Kendi kendine mektup yazmak!

Kendi kendine mektup yazmak!
19 Eylül 2014 08:41

Yurt Gazetesi köşe yazarı İdris Akyüz yazdı.

 

Bizim Temel, duvarın dibinde oturmuş elindeki kağıda bir şeyler karalıyor… Dursun, yanına yaklaşmış; Ula Temel ne yapayisun? Mektup yazayirum… Kime yazayisun Kendime… Peki, ne yazayisun? Pilmeyrum, daha gelmedi ki?

 

Teşbihte hata olmaz! CHP lideri Kemal Kılıçdaroğlu’nun, Başbakan Ahmet Davutoğlu’na yazdığı mektup, bu fıkrayı hatırlattı…

 

Şimdi soru şu; CHP lideri, Başbakan Ahmet Davutoğlu’na “Bankalar özelinde ekonomiyle ilgili kaygılar”ını içeren bir uyarı mektubu yazmak zorunda mıydı? Ki her ne kadar adını açıklamasa da “görünen köy kılavuz istemez”, kastedilen bankanın, Bank Asya olduğu apaçık ortada.

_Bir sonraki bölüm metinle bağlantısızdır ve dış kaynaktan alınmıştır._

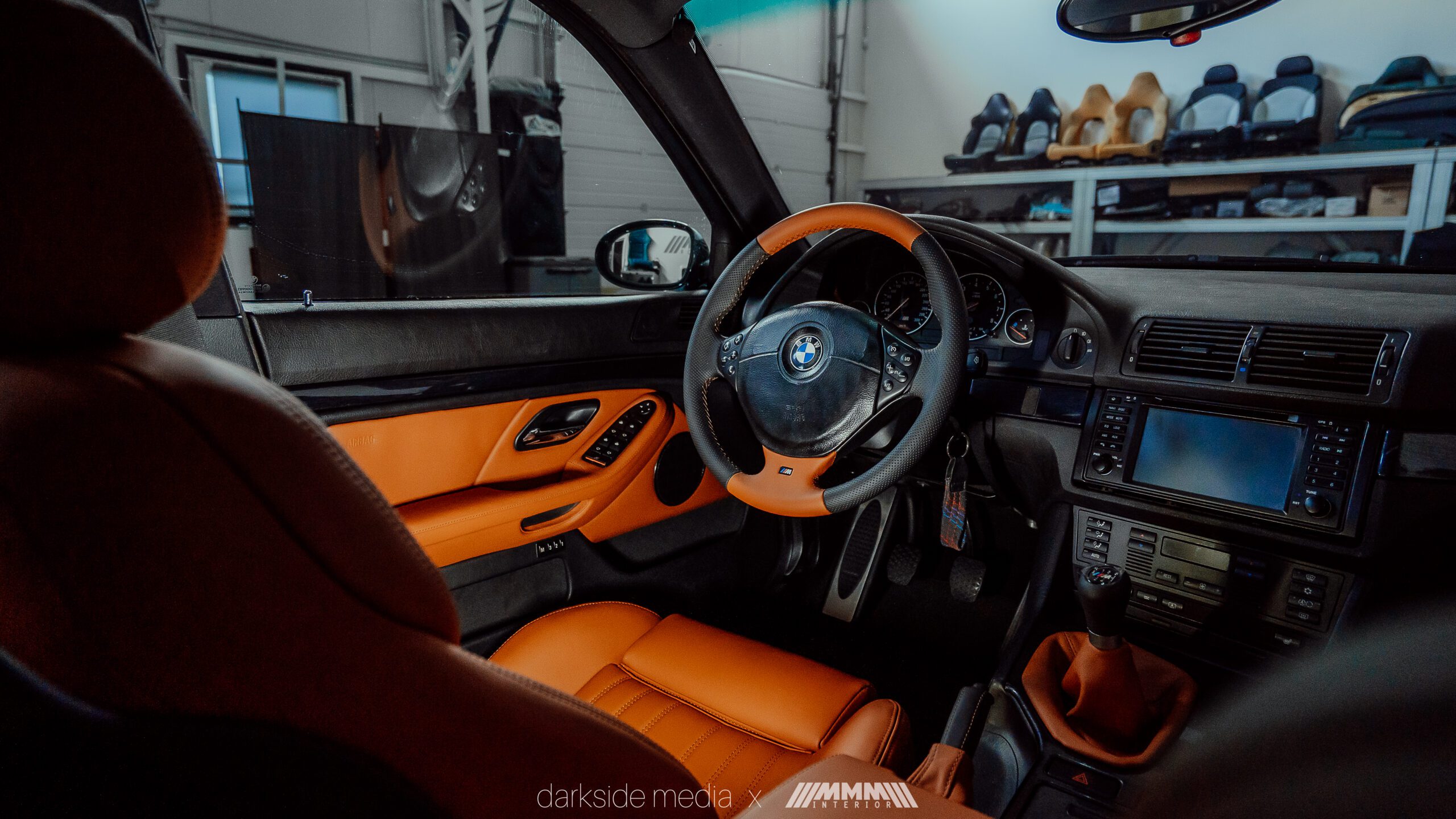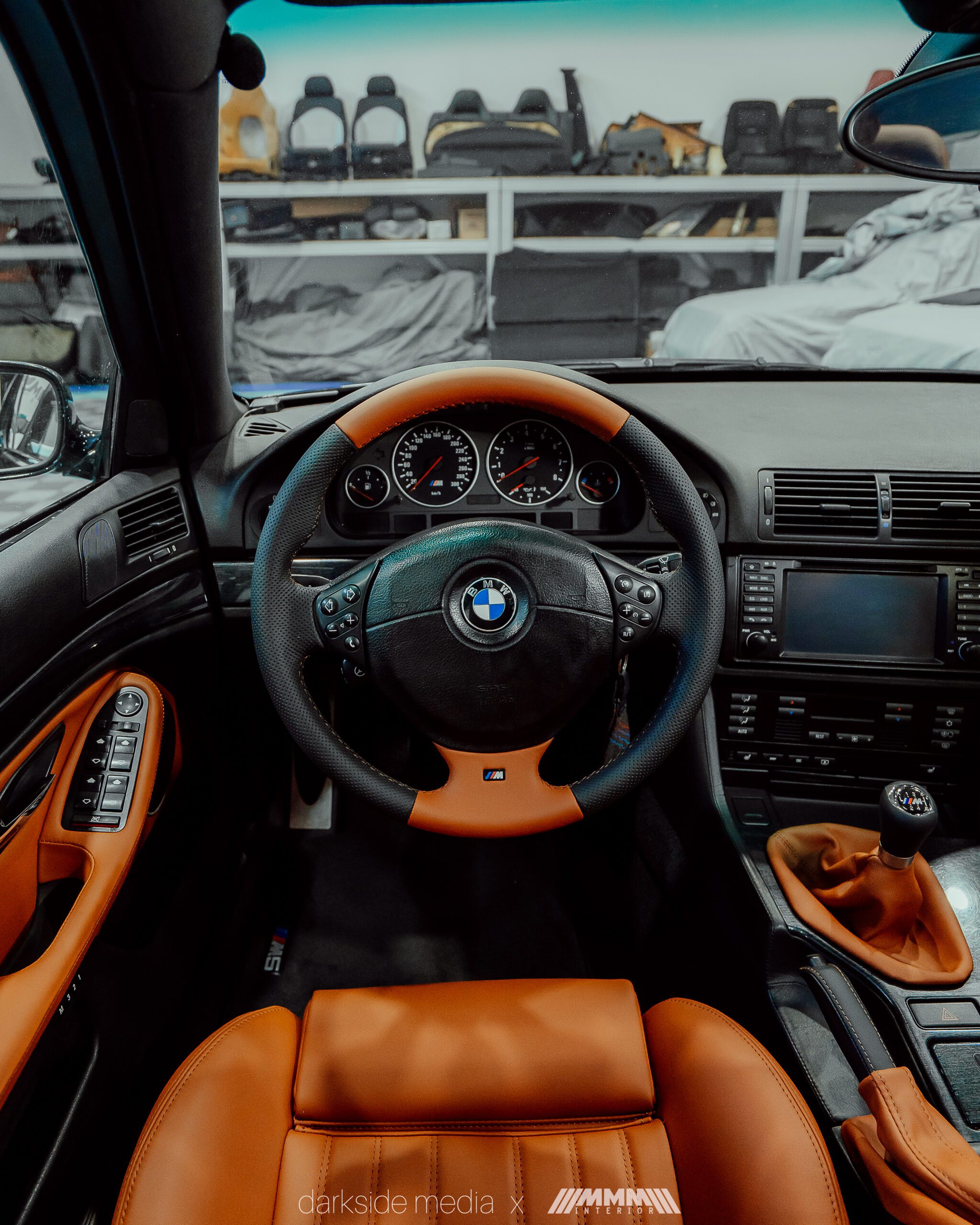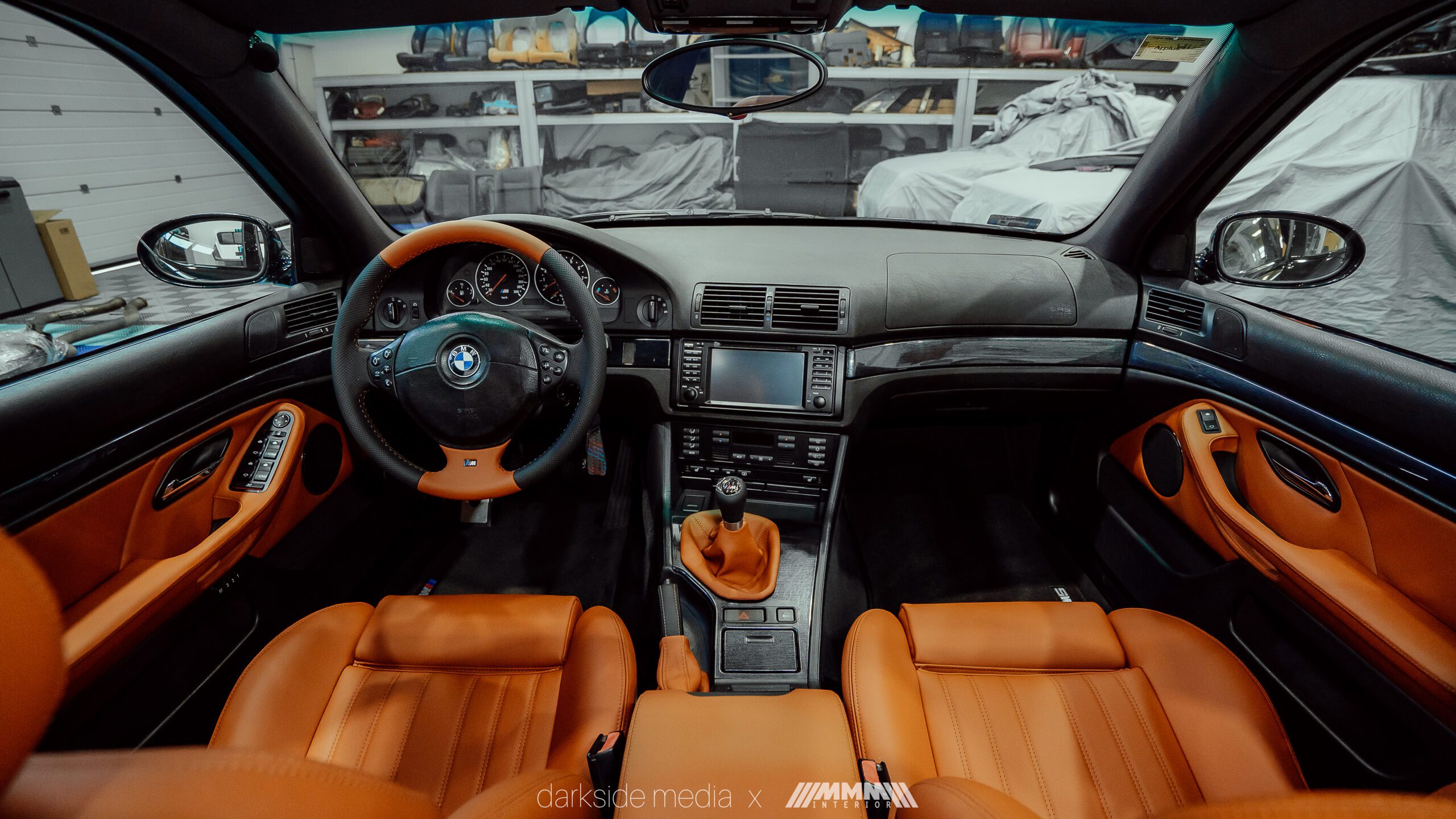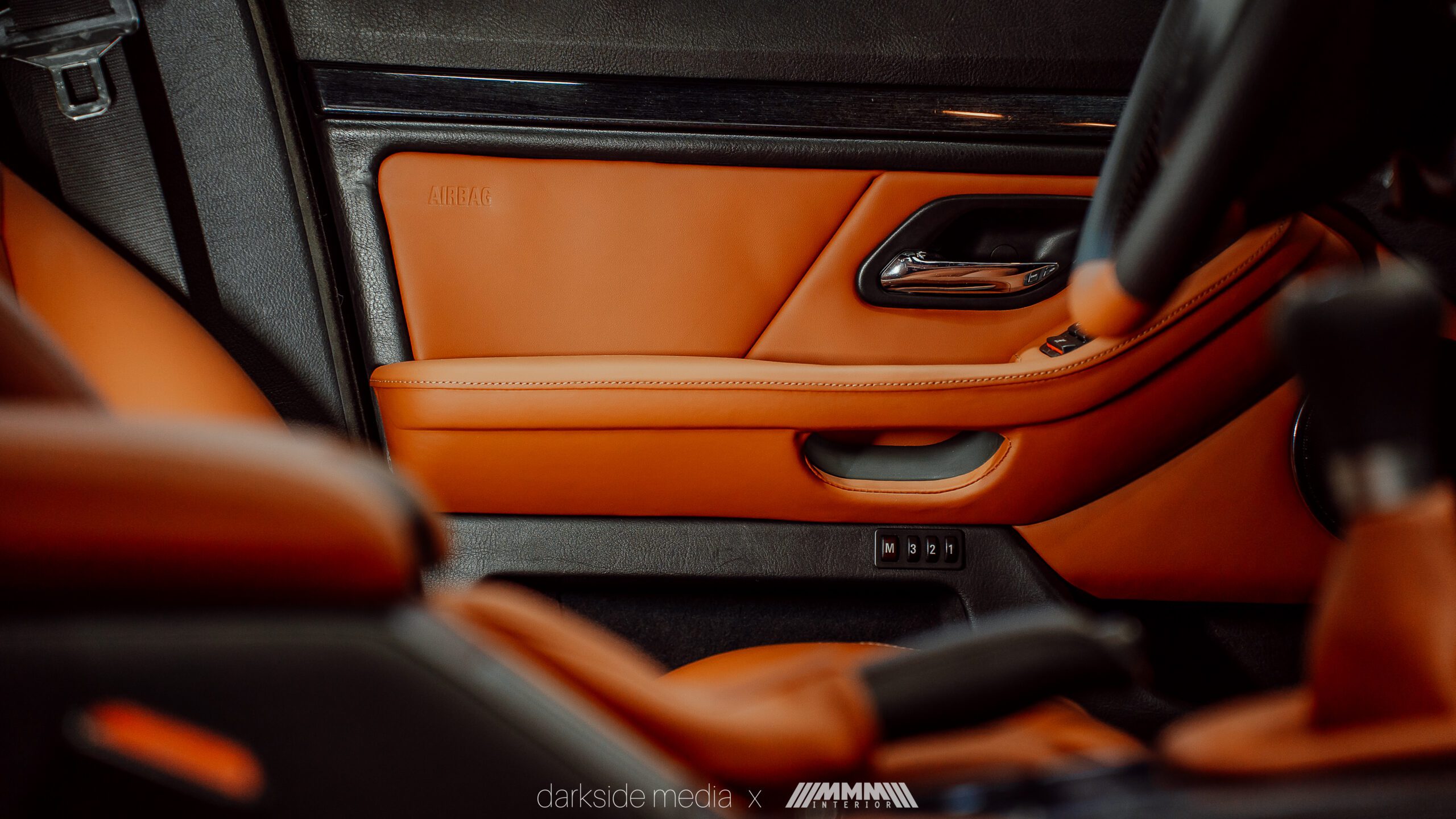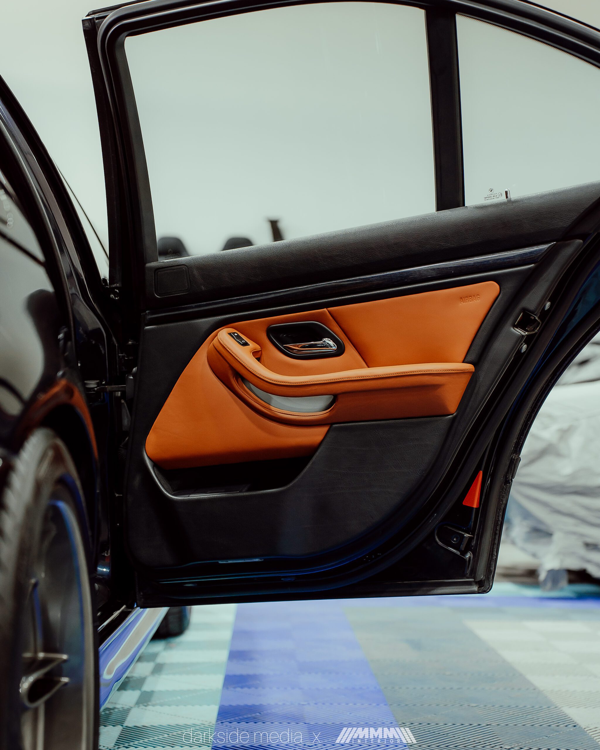 A carbonschwarz gyári fényezéssel tökéletesen harmonizál a gyári fahéj szín (természetesen nappabőr), de nem estünk túlzásba, azaz nem készült bővített bőrözés, “csak” az ülések, ajtókárpitok betétjei, a kormány és a váltózsák, könyöklő került újrabőrözésre. Sok apró típushibát is orvosoltunk egy teljes tisztítás mellett. Műszaki felújításon már átesett a gép, az utolsó lépés a fényezés korrekciója lesz, hogy egy újabb nagyon szép M5 kerüljön vissza az utakra.

Yani cemaatin, yani Fethullah Gülen ve şürekasının ortaklığı…

 

Kılıçdaroğlu’na bu mektubu yazdıran hangi kaygıydı? Gerçekten bankacılık sistemi kriz içinde mi? Yoksa mektubu, “tarihe not düşmek için” mi yazdı? Dahası, mektup; muhatabı Başbakan olsa da “kişiye özel” değil mi? Hal böyleyken mektubun içeriğini Kılıçdaroğlu yerine muhatabının açıklaması gerekmez miydi?

 

“Mektuplu diplomasi” iç politika kültürümüzde çok rastlanır bir yöntem değil. 1960 ve 1970’li yıllarda kimi siyasiler bu yöntemi kullanmıştı ama sadece tarihe not düşmek adınaydı. Dolayısıyla, Sayın Kılıçdaroğlu’nun da böyle bir niyeti olabilir. Ancak bana yine de manidar geldi. Neyse… Gelelim mektubun siyasi sonuçlarına; Kılıçdaroğlu’nun “ilanen duyuru” biçiminde yazdığı mektuba, muhatabından yani Başbakan Davutoğlu’ndan herhangi bir yanıt gelmedi. Kılıçdaroğlu. buna rağmen, içerik konusunda gazetecilerin sorduğu tüm soruları yanıtladı… Kastını ve esas amacını açıkladı. Dedi ki; yürütmenin başı sen isen, yasaların verdiği yetkiyle gereğini yap! Yok eğer, yürütmenin başı sen değil de Anayasa’ya göre “sorumsuz” olan Cumhurbaşkanı Tayyip Erdoğan ise O’nu da bilelim! Kısacası demek istedi ki “Başbakan sen misin yoksa Erdoğan mı?”

 

Hal böyleyken, “yandaş medya” eleştiri yağmuruna başladı:

 

” Vay vay vay! Biz demedik mi Kılıçdaroğlu ve CHP cemaatle iç içe! Paralel yapıyla işbirliği yapıyor. Şimdi inandınız mı?” Yandaş medyanın bu saldırısı “her ne kadar haksız olsa da” beklenen bir eleştiri olmalı. Sayın Kılıçdaroğlu için… Ve kanımca bunun da yanıtını kendisi verecektir. Ancak kamuoyunu ne kadar tatmin eder, ne kadar inandırıcı olur, bilemiyorum! Her ne kadar Kılıçdaroğlu’nun niyeti, “Başbakan’ın kim olduğu konusunda” Davutoğlu’nu sıkıntıya sokmak olsa da…

 

Sonuç olarak merak ettiğim: Kılıçdaroğlu’na “servis veren” hangi “süper zekâlı”ların bu öneriyi getirip önüne koyduğudur. Bence hata edilmiştir. Politik ve stratejik bir hata! Nihayetinde, yazının girişindeki fıkrada da belirttiğim gibi Kılıçdaroğlu’nun kendi kendine yazdığı bir mektup fotoğrafı ortaya çıkmıştır. Yazık, günah değil mi?